Произошло это случайно. Или снова по закону его величества случая, который правил и правит до сих пор многими актерскими судьбами.
«Однажды я ужинал в одном доме, – рассказал Леонид Осипович. – Гостей было много. Устав от шума, я ушел в кабинет хозяина просто посидеть в одиночестве. На столе лежала небольшая книжонка со странным рисунком на обложке – на нем был изображен полуопрокинутый чайник. И называлась книжка неожиданно: „Аристократка“. Я с любопытством начал читать первый рассказ, который назывался так же. Не помню, смеялся ли я когда-нибудь еще так неудержимо. Дочитав рассказ до конца, я вбежал в столовую и неистовым голосом крикнул:
– Молчите и слушайте!
Общество, которое было уже несколько навеселе, умолкло. Я читал, и все помирали со смеху.
На следующий день я попросил директора «Свободного театра» связать меня с Зощенко, который, как я узнал, жил в Ленинграде.

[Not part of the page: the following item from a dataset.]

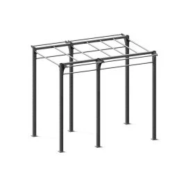 Weatherproof outdoor fitness rig in the PLUS version consisting of six main columns, four connecting double pull-up bars and seven crossbars.

Мы встретились в кафе «Де гурме». Я увидел человека примерно моего возраста (он был моложе меня на год, значит, ему было тогда двадцать шесть). На красивом лице несколько робкая улыбка и грустные, мягкие глаза. Со свойственной мне горячностью я наговорил ему кучу восторженных слов и тут же попросил разрешения читать его рассказы со сцены. От этого натиска он немного опешил, но читать охотно разрешил. В тот же вечер я прочитал «Аристократку» со сцены «Свободного театра». Это и было началом исполнения советской прозы на эстраде».
И здесь никак не уйти от темы тонкой и деликатной. Зощенко страдал от чего-то такого, что сказалось на его жизни и даже изменило ее.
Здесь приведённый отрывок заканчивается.